**THE DATA**
========================================================================
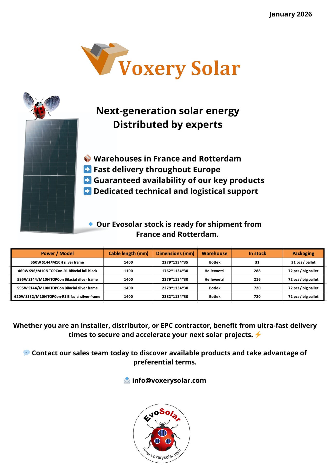 Stock Evosolar Voxery Solar > Stock Evosolar At Voxery Solar, we currently have a stock of solar panels available. You can check availability directly on this page. View available stock
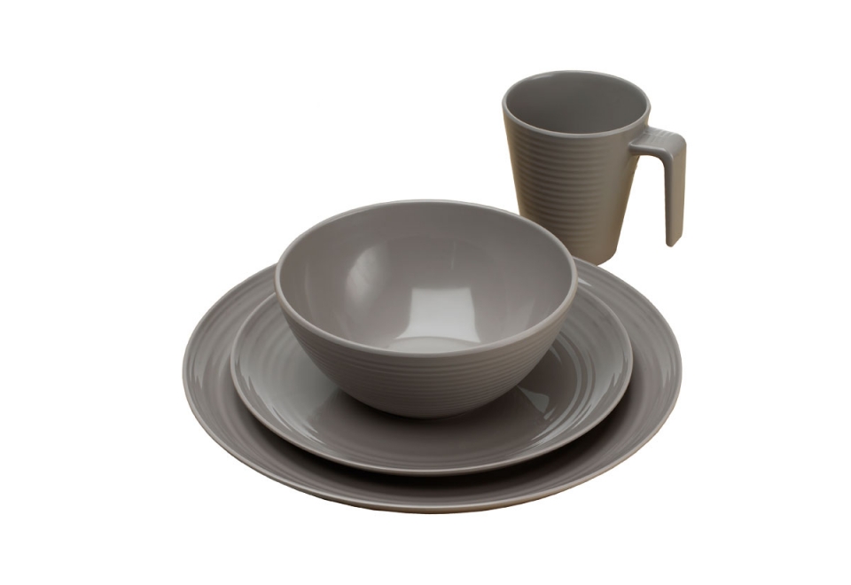 16dílná sada nádobí sestávající ze 4 jídelních talířů, 4 dezertních talířů, 4 polévkových misek a 4 hrnků.
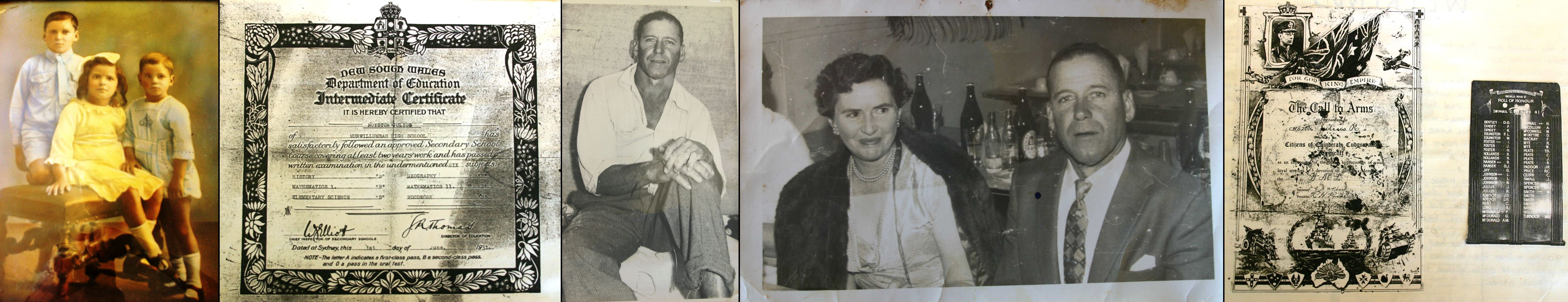 With his siblings in front Jean & John Francis, school leaving Certificate, on the farm and with Bonnie at a party, WWII service.
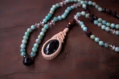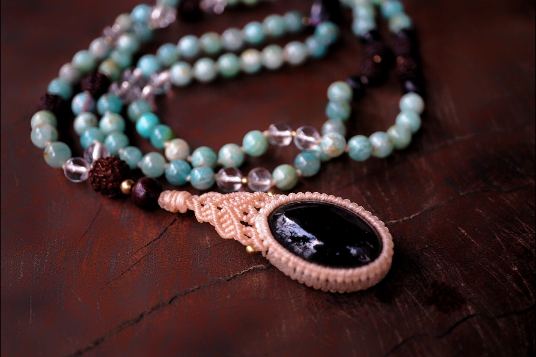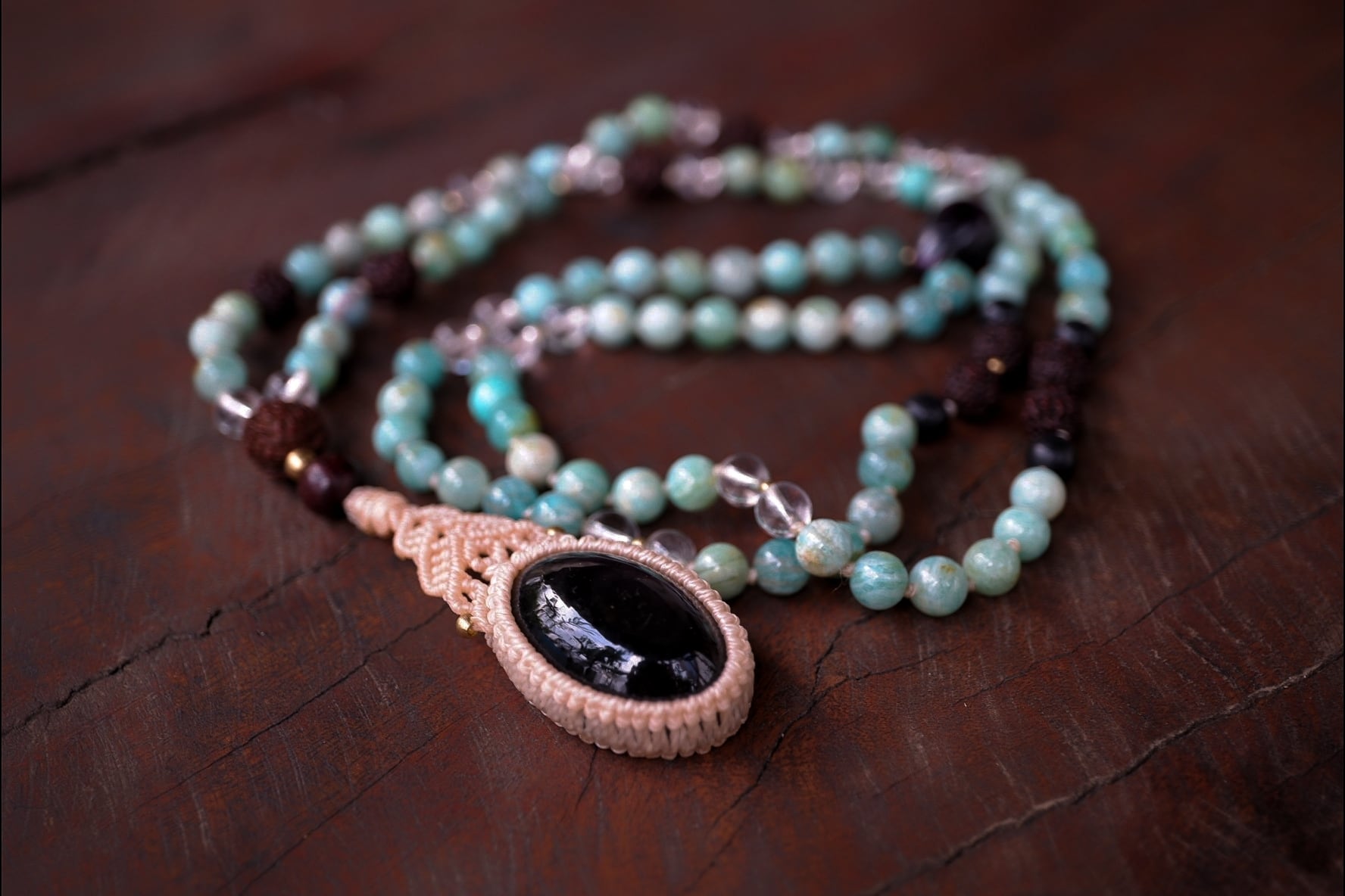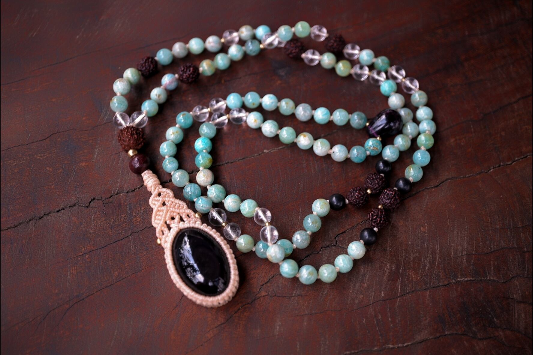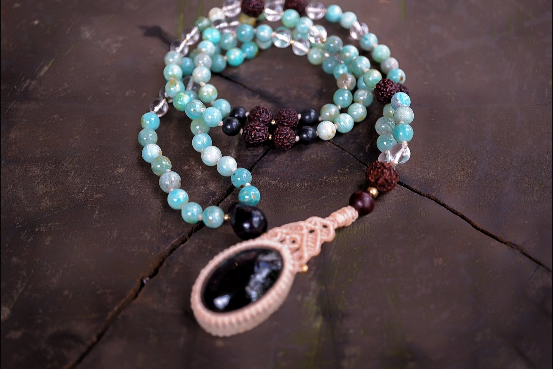 ビーズ部分:アマゾナイト、水晶、シュンガイト、ルドラクシャ
========================================================================
**WORK INSTRUCTION**
Everything in the material above must be repeated exactly, apart from its pictures.

**SOLUTION TO THE EXERCISE**
 Stock Evosolar Voxery Solar > Stock Evosolar At Voxery Solar, we currently have a stock of solar panels available. You can check availability directly on this page. View available stock
 16dílná sada nádobí sestávající ze 4 jídelních talířů, 4 dezertních talířů, 4 polévkových misek a 4 hrnků.
 With his siblings in front Jean & John Francis, school leaving Certificate, on the farm and with Bonnie at a party, WWII service.
 ビーズ部分:アマゾナイト、水晶、シュンガイト、ルドラクシャ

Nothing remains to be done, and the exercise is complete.